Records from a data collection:
########

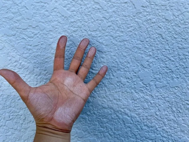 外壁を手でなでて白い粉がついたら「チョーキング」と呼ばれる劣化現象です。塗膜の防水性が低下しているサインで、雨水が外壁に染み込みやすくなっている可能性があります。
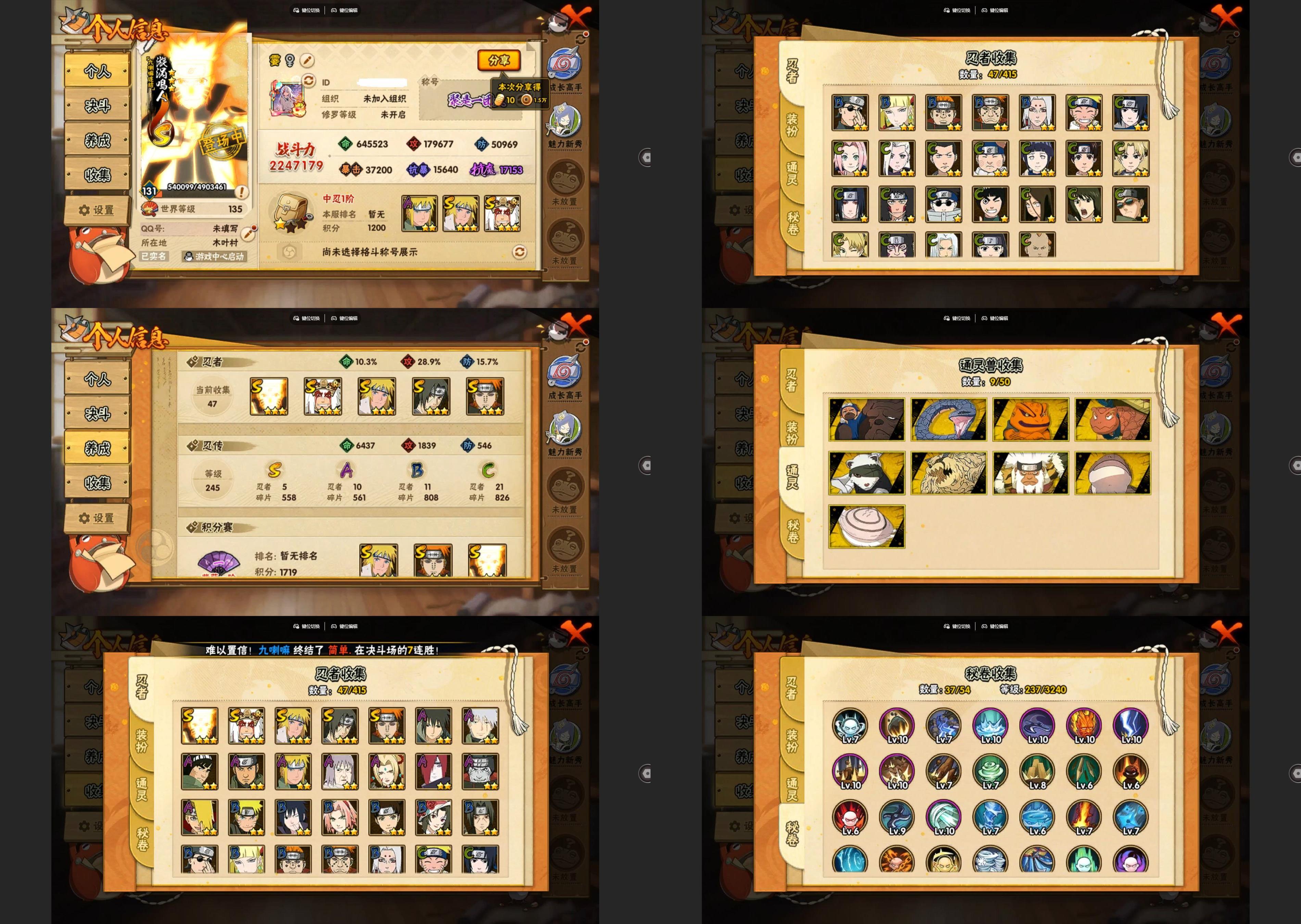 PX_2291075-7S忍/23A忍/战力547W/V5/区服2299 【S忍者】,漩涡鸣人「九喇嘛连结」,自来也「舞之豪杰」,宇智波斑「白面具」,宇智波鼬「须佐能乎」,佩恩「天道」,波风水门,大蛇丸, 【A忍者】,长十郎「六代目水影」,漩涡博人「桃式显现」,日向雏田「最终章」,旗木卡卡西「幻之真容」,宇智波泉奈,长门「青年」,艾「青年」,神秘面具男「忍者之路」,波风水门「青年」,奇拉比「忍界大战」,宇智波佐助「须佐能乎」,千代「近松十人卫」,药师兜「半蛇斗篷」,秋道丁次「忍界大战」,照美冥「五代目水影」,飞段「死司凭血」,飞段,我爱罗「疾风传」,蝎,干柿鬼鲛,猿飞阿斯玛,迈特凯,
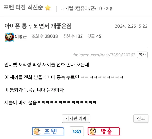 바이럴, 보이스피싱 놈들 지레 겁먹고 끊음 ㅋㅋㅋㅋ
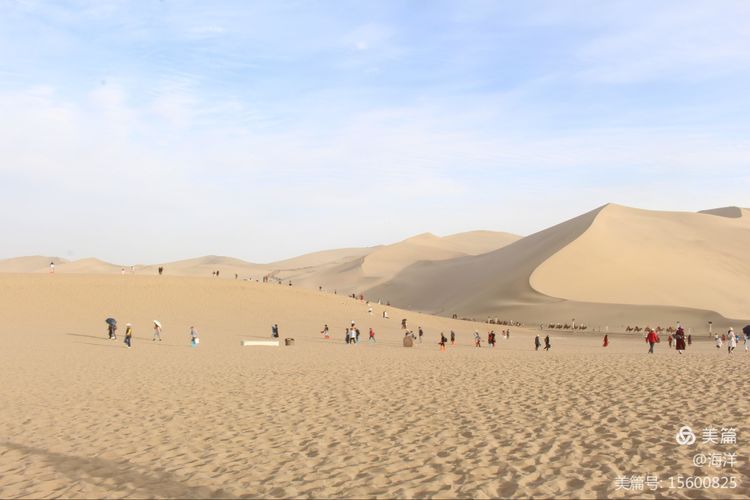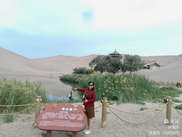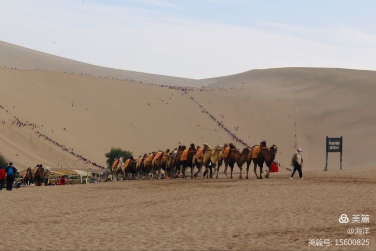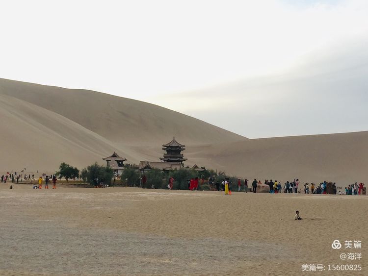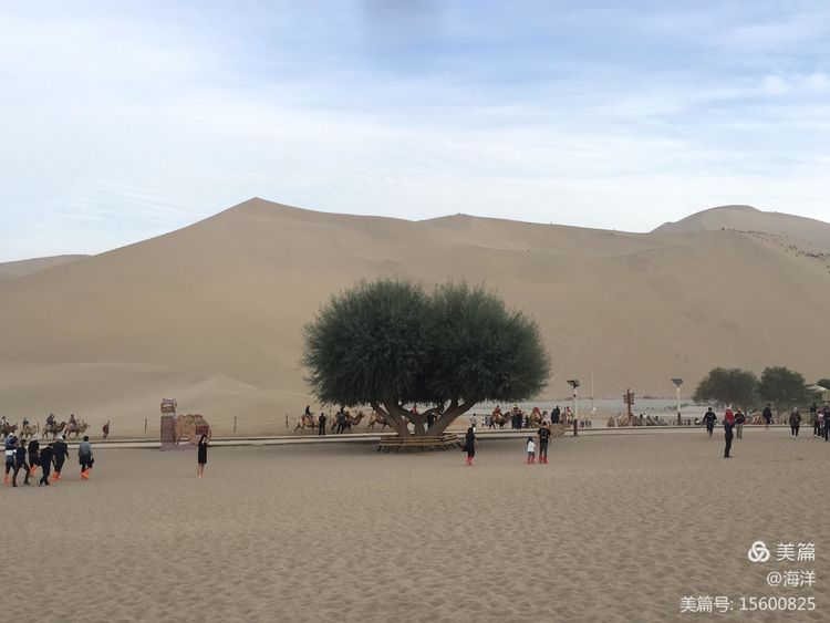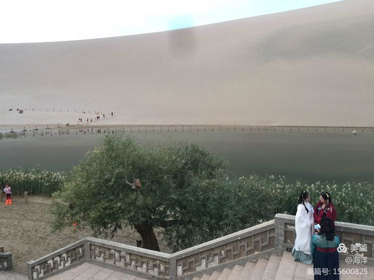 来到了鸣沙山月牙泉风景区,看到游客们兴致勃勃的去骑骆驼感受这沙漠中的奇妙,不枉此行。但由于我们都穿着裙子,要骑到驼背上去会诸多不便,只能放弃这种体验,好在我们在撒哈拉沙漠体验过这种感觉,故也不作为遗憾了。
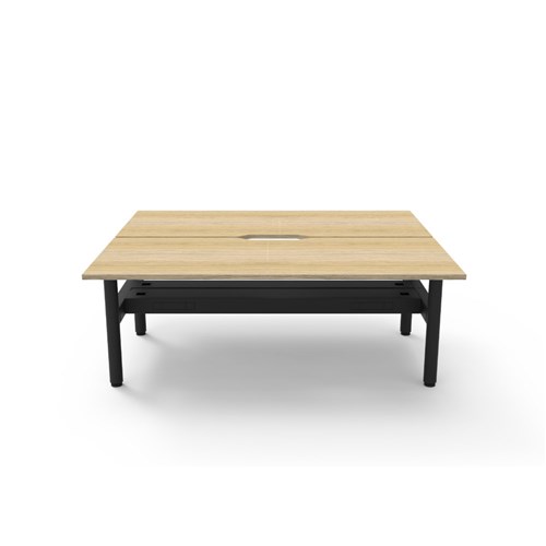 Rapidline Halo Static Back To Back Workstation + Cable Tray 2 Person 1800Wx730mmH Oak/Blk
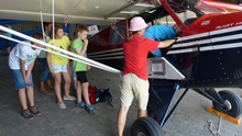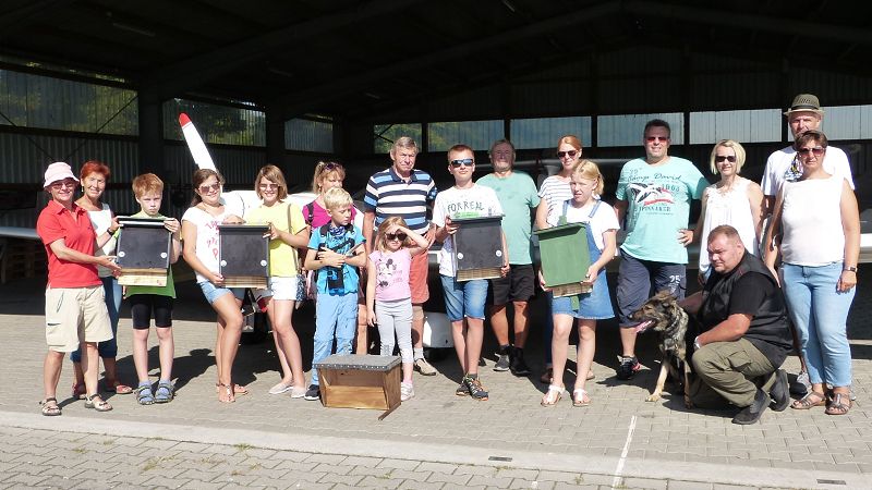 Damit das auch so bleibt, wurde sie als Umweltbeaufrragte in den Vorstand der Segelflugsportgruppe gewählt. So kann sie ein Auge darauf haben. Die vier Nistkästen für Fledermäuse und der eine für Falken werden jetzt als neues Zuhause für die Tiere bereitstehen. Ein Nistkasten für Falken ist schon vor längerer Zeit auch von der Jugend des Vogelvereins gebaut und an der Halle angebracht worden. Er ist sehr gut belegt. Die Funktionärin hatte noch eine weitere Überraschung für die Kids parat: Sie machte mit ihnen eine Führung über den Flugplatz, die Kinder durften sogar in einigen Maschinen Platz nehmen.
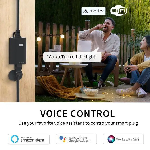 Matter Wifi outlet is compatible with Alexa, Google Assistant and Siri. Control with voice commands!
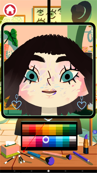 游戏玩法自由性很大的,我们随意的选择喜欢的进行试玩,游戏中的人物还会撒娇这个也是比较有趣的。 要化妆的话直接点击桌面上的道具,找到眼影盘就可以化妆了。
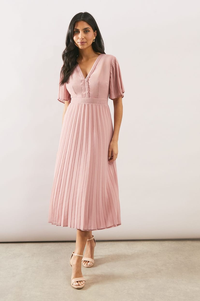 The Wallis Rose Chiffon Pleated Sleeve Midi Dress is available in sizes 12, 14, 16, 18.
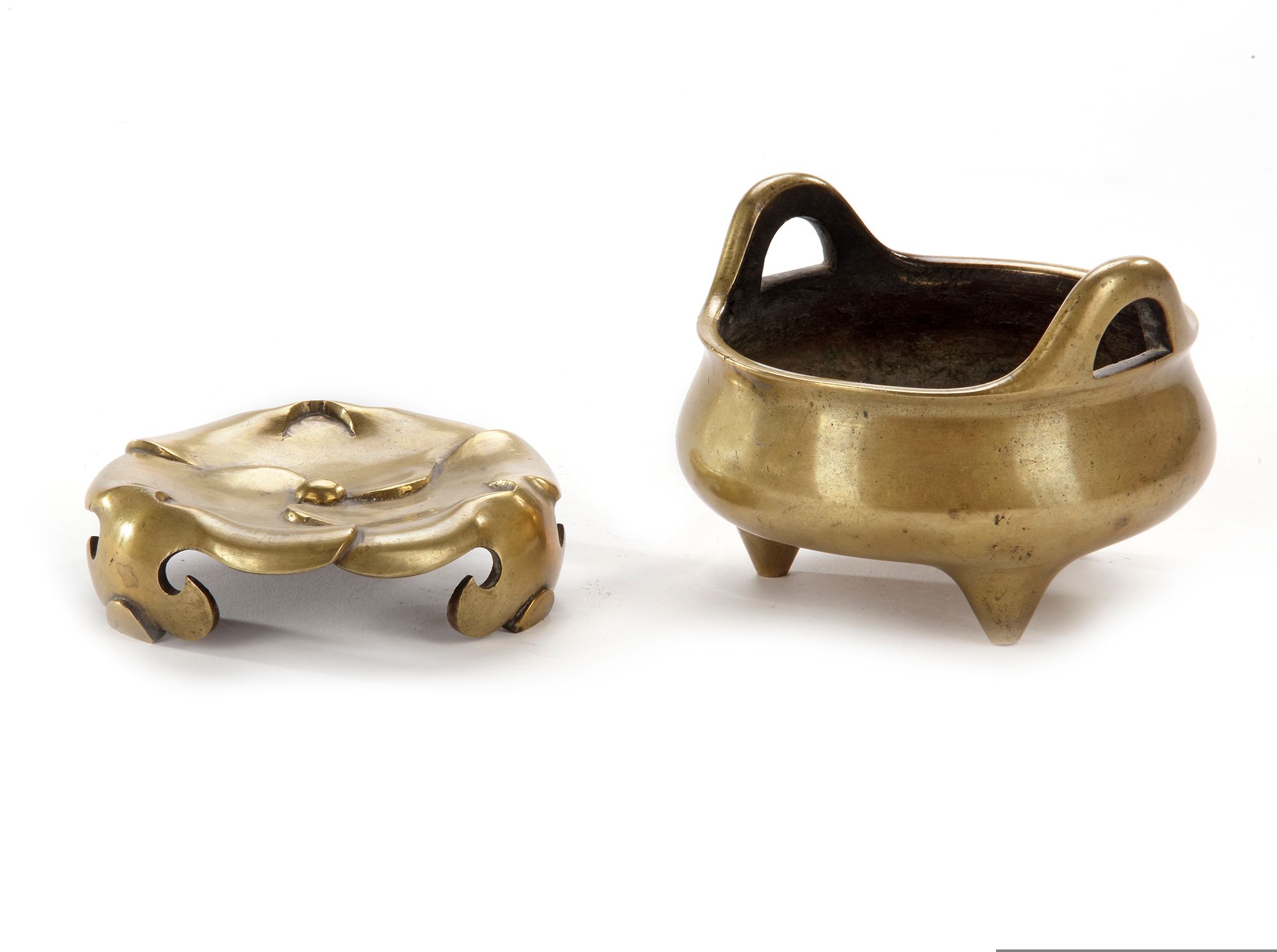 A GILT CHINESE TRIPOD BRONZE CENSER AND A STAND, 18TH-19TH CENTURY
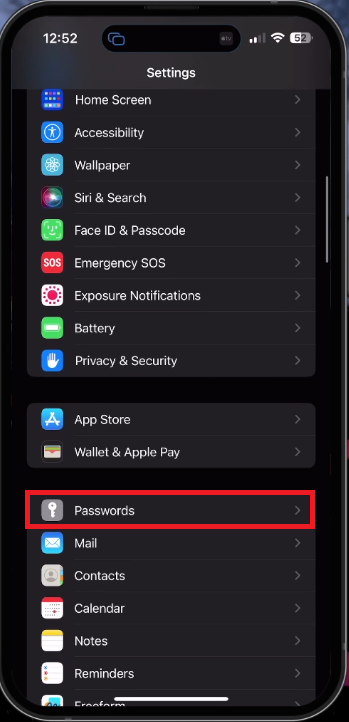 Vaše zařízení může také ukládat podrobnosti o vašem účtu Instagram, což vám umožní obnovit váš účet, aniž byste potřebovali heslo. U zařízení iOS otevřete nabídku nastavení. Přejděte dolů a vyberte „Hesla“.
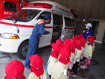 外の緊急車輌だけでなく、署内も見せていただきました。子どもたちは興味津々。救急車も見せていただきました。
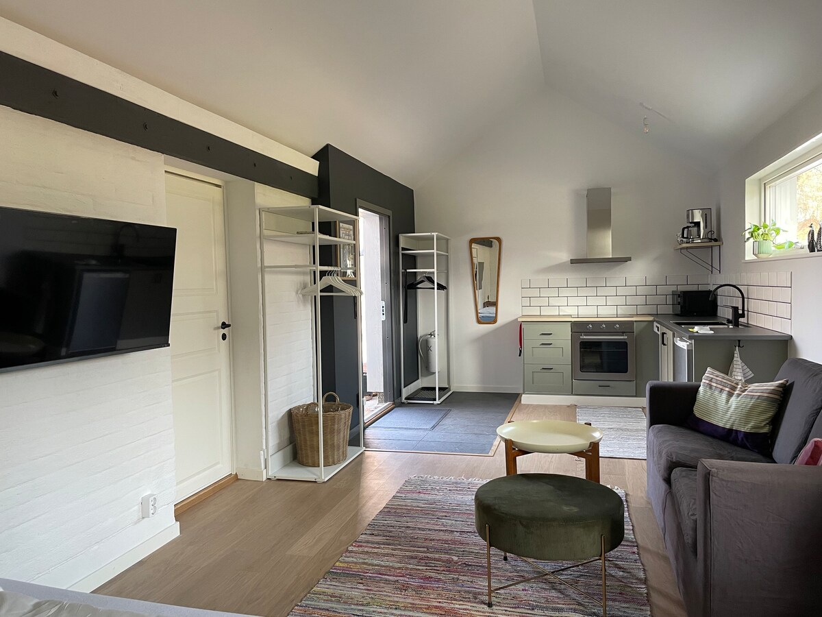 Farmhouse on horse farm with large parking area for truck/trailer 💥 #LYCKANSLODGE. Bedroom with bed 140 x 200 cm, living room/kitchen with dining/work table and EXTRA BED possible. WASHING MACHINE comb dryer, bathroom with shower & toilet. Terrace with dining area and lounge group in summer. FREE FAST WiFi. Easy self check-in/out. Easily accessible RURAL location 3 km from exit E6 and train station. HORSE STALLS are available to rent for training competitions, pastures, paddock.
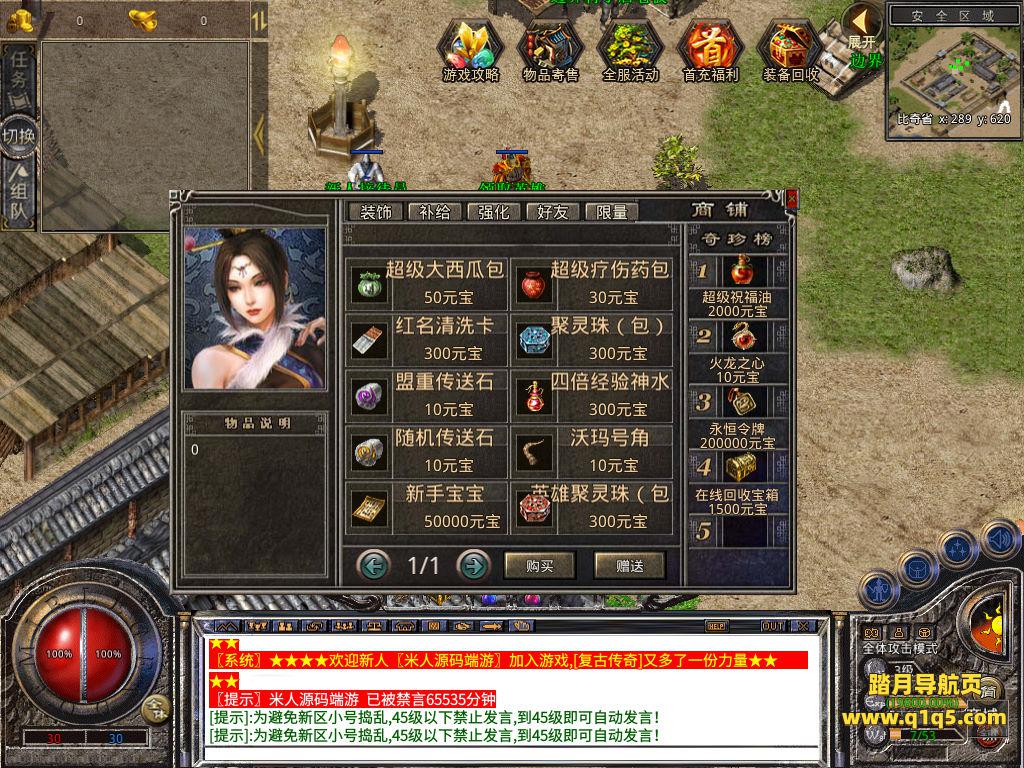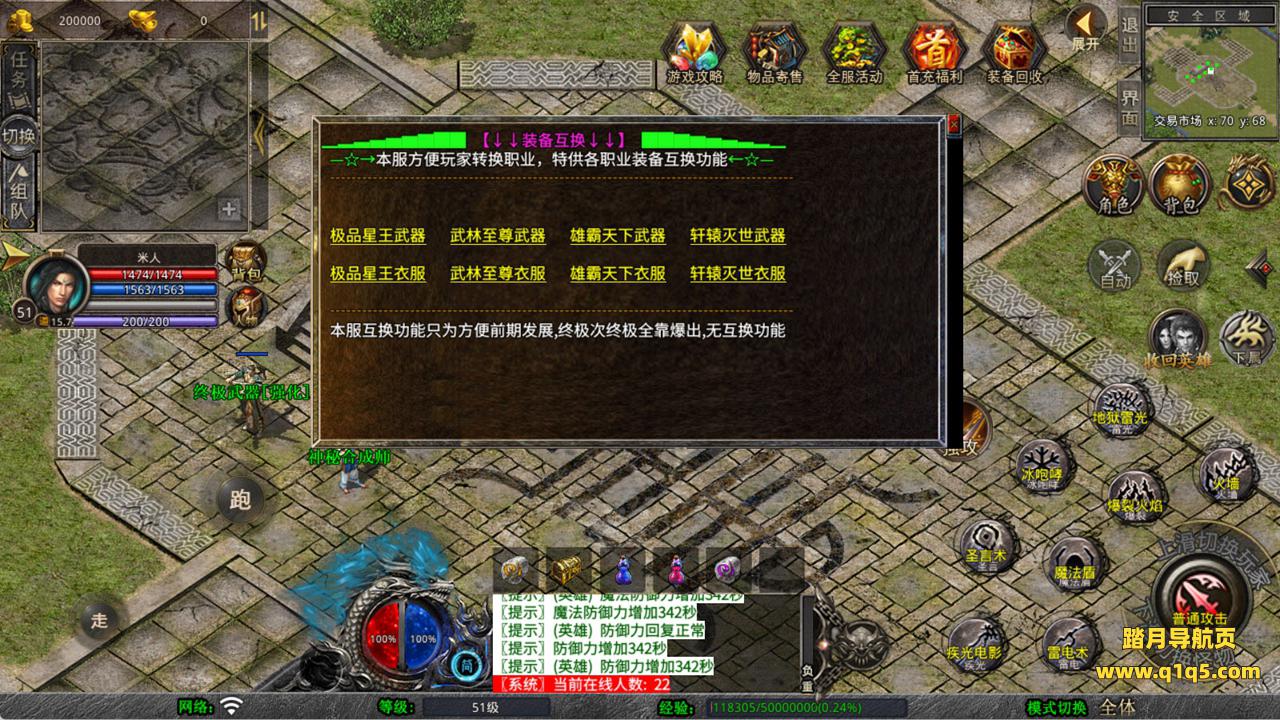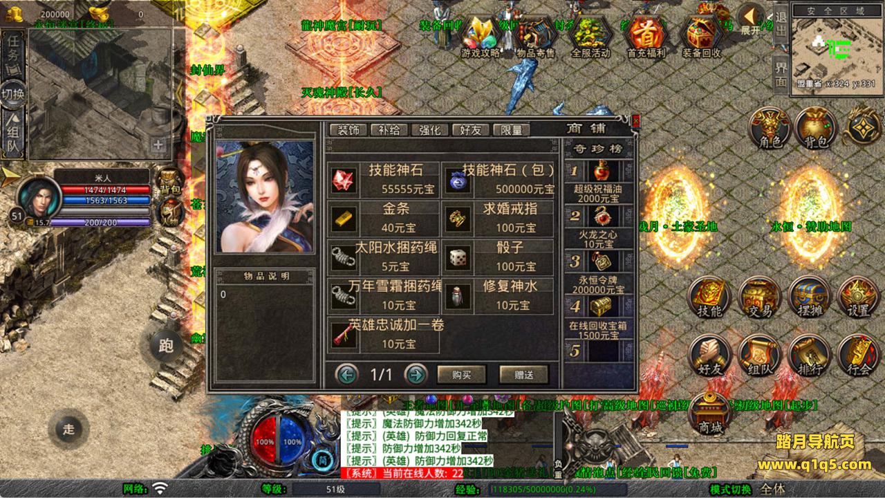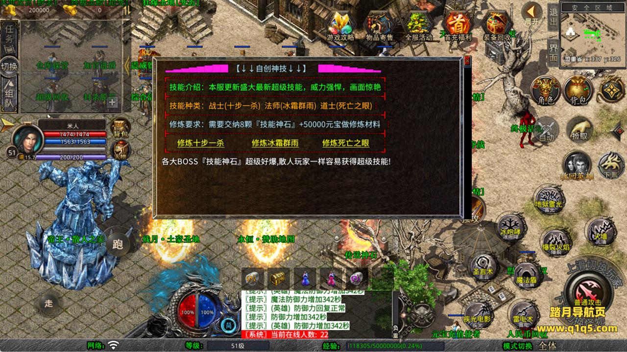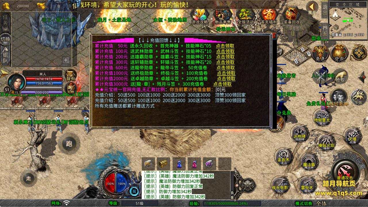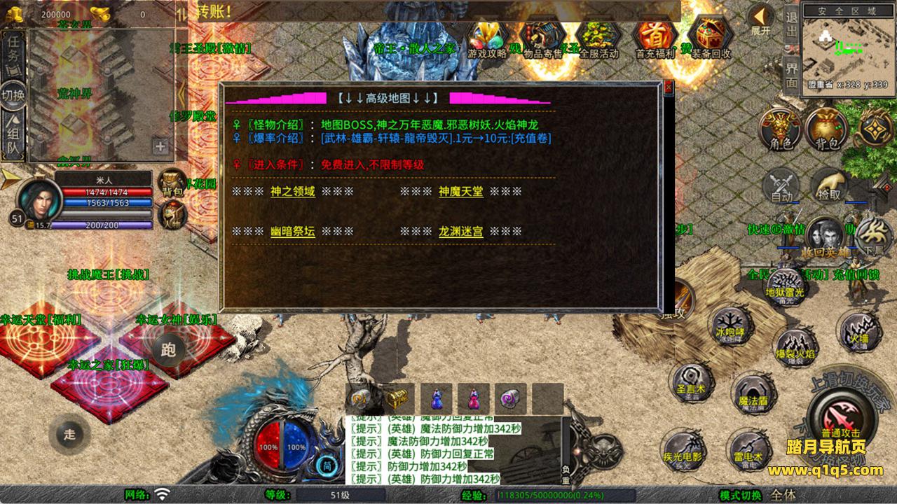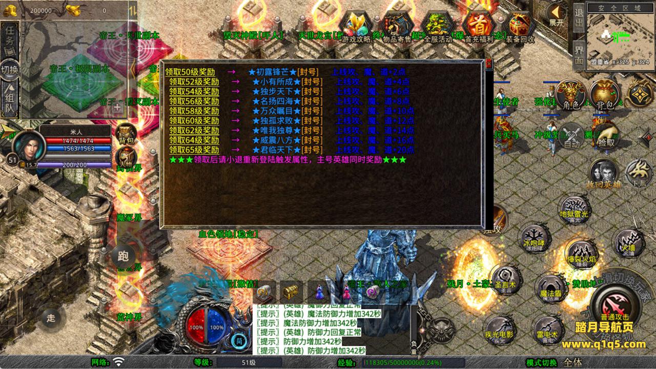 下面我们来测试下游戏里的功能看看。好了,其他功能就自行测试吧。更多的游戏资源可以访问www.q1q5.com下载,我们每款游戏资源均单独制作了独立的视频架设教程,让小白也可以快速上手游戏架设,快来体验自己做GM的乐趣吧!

########

-- EXERCISE REQUIREMENTS --
Would you output only the span of the records above that opens with the line containing "Vaše zařízení může" and closes with the line containing "外の緊急車輌だけでなく、署内", ends included and pictures dropped?

-- PROBLEM SOLUTION --
 Vaše zařízení může také ukládat podrobnosti o vašem účtu Instagram, což vám umožní obnovit váš účet, aniž byste potřebovali heslo. U zařízení iOS otevřete nabídku nastavení. Přejděte dolů a vyberte „Hesla“.
 外の緊急車輌だけでなく、署内も見せていただきました。子どもたちは興味津々。救急車も見せていただきました。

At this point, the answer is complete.